*** PROVIDED MATERIAL ***

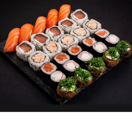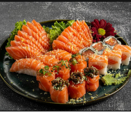 6 sashimi de salmão ,5 joy de salmão ,5 niguiri de salmão ,5 hossomaki de salmão ,5uramaki de salmão ,5 uramaki california ,5 hossomaki pepino .
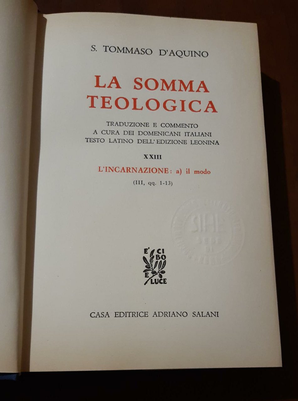 La somma teologica S.tommaso D'Aquino L'Incarnazione volume XXIII
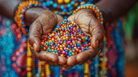 A pair of hands gracefully holds a collection of colorful beaded bracelets, showcasing the beauty of craftsmanship and artistic expression.
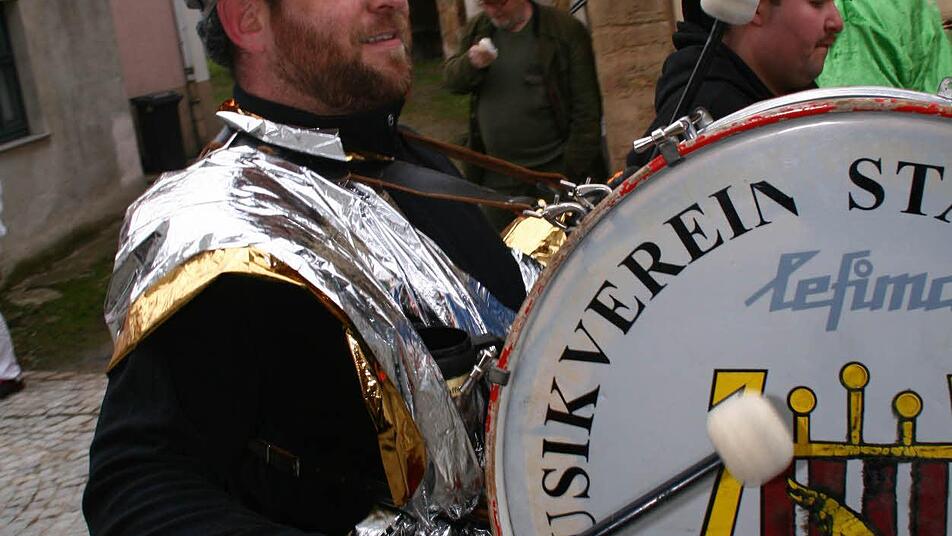 Auf der Bühne am Baunacher Marktplatz war es Reinhold Schweda vom Ortskulturring vorbehalten, launig und schlagfertig das Umzugstreiben zu kommentieren. "Die haben wohl die Einflugschneise verpasst", mutmaßte Stadtratsmitglied Schweda, als der Zug sich ein bisschen später als erwartet "den Berg hinauf" Richtung Marktplatz bewegte.
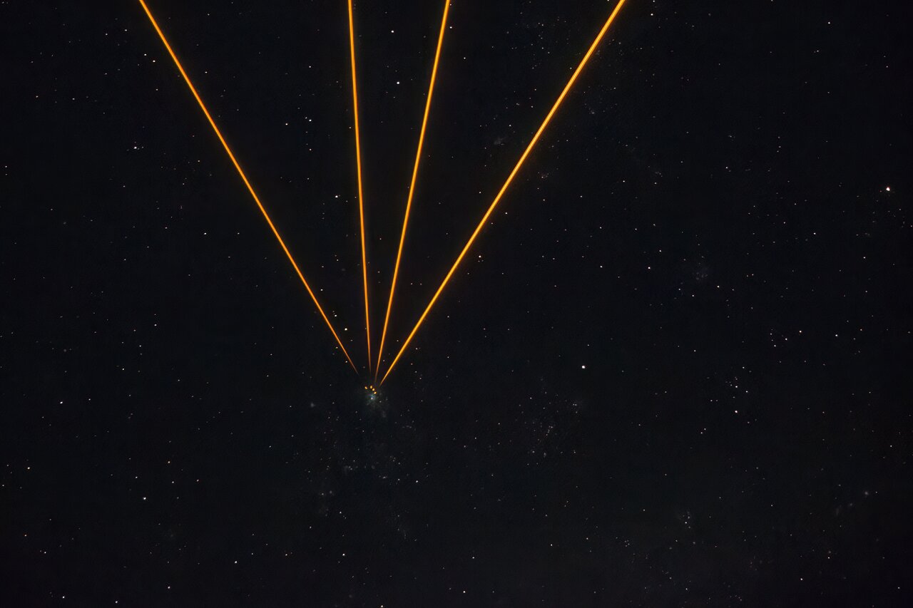 Last week, four lasers were projected into the skies above the European Southern Observatory’s (ESO’s) Paranal site in Chile. The lasers are each used to create an artificial star, which astronomers use to measure and then correct the blur caused by Earth's atmosphere. The striking launch of these lasers, one from each of the eight-metre telescopes at Paranal, is a significant milestone of the GRAVITY+ project — a large and complex upgrade to ESO’s Very Large Telescope Interferometer (VLTI). GRAVITY+ unlocks a greater observing power and a much wider sky coverage for the VLTI than previously possible.
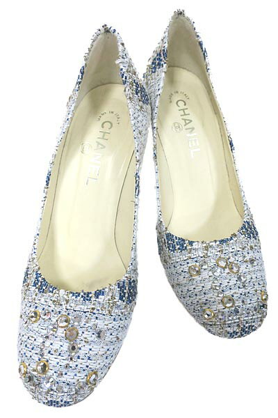 【中古】CHANEL シャネル 靴 パンプス レディ―ス ツイード ホワイトグレー系 ブルー ラインストーン サイズ37.5
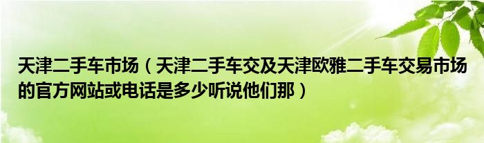 大家好,小常来为大家解答以下问题,对于天津二手车市场,天津二手车交及天津欧雅二手车交易市场的官方网站或电话是多少听说他们那很多人还不知道,今天让我们一起来看看吧!
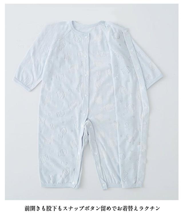 | 夏にぴったりなデザインが可愛いカバーオールです 通気性にすぐれた綿素材のメッシュ素材 汗かきなベビーもサラサラ快適な着心地 前開きも股下もスナップボタン留めでお着替えラクチン | |
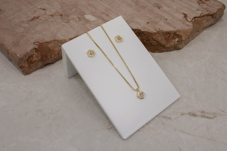 CONJUNTO BANHADO EM OURO, INFANTIL, GARGANTILHA VENEZIANA 0,80mm, 36cm COMPRIMENTO E FLOR 6mm LARGURA, BRINCO FLOR 6mm LARGURA
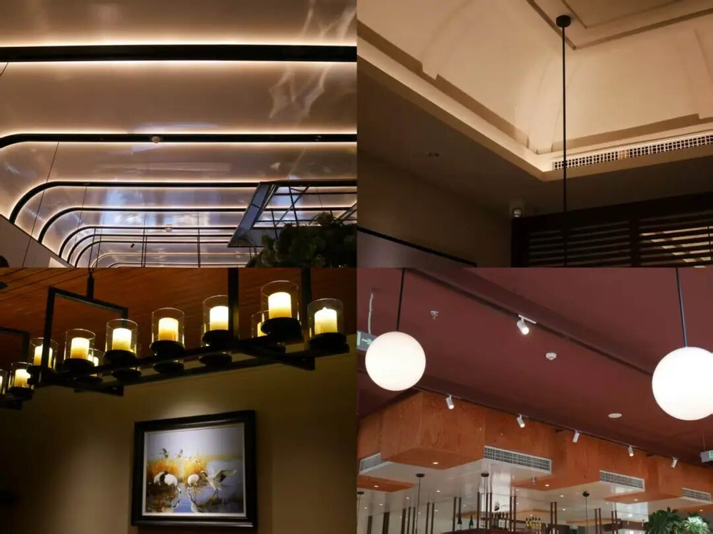 我们线下走访了北京国贸、三里屯商圈的10家漂亮饭餐厅,发现所有餐厅的光线都偏暗。这些餐厅大多使用隐藏式灯带、反光凹槽、烛台吊灯、圆形吊灯来使整个空间被均匀照亮。这些设计规避了强光直射的突兀感,借由漫反射让光线自然柔化,消费者看见的便不是刺眼的眩光,而是铺满整个空间的柔和光线。
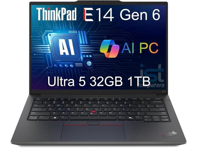 Lenovo ThinkPad E14 Gen 6 Business AI PC Laptop (14" FHD+ Anti-Glare, Intel 12-Core Ultra 5 125U (> i7-1355U), 32GB DDR5 RAM, 1TB SSD) Backlit, Fingerprint, 1080p Webcam, Thunderbolt 4, Win 11 Pro

*** End of PROVIDED MATERIAL ***

ASSIGNED TASK: Return an exact transcription of the entries above, excluding each image.

ANSWER SECTION:
 6 sashimi de salmão ,5 joy de salmão ,5 niguiri de salmão ,5 hossomaki de salmão ,5uramaki de salmão ,5 uramaki california ,5 hossomaki pepino .
 La somma teologica S.tommaso D'Aquino L'Incarnazione volume XXIII
 A pair of hands gracefully holds a collection of colorful beaded bracelets, showcasing the beauty of craftsmanship and artistic expression.
 Auf der Bühne am Baunacher Marktplatz war es Reinhold Schweda vom Ortskulturring vorbehalten, launig und schlagfertig das Umzugstreiben zu kommentieren. "Die haben wohl die Einflugschneise verpasst", mutmaßte Stadtratsmitglied Schweda, als der Zug sich ein bisschen später als erwartet "den Berg hinauf" Richtung Marktplatz bewegte.
 Last week, four lasers were projected into the skies above the European Southern Observatory’s (ESO’s) Paranal site in Chile. The lasers are each used to create an artificial star, which astronomers use to measure and then correct the blur caused by Earth's atmosphere. The striking launch of these lasers, one from each of the eight-metre telescopes at Paranal, is a significant milestone of the GRAVITY+ project — a large and complex upgrade to ESO’s Very Large Telescope Interferometer (VLTI). GRAVITY+ unlocks a greater observing power and a much wider sky coverage for the VLTI than previously possible.
 【中古】CHANEL シャネル 靴 パンプス レディ―ス ツイード ホワイトグレー系 ブルー ラインストーン サイズ37.5
 大家好,小常来为大家解答以下问题,对于天津二手车市场,天津二手车交及天津欧雅二手车交易市场的官方网站或电话是多少听说他们那很多人还不知道,今天让我们一起来看看吧!
 | 夏にぴったりなデザインが可愛いカバーオールです 通気性にすぐれた綿素材のメッシュ素材 汗かきなベビーもサラサラ快適な着心地 前開きも股下もスナップボタン留めでお着替えラクチン | |
 CONJUNTO BANHADO EM OURO, INFANTIL, GARGANTILHA VENEZIANA 0,80mm, 36cm COMPRIMENTO E FLOR 6mm LARGURA, BRINCO FLOR 6mm LARGURA
 我们线下走访了北京国贸、三里屯商圈的10家漂亮饭餐厅,发现所有餐厅的光线都偏暗。这些餐厅大多使用隐藏式灯带、反光凹槽、烛台吊灯、圆形吊灯来使整个空间被均匀照亮。这些设计规避了强光直射的突兀感,借由漫反射让光线自然柔化,消费者看见的便不是刺眼的眩光,而是铺满整个空间的柔和光线。
 Lenovo ThinkPad E14 Gen 6 Business AI PC Laptop (14" FHD+ Anti-Glare, Intel 12-Core Ultra 5 125U (> i7-1355U), 32GB DDR5 RAM, 1TB SSD) Backlit, Fingerprint, 1080p Webcam, Thunderbolt 4, Win 11 Pro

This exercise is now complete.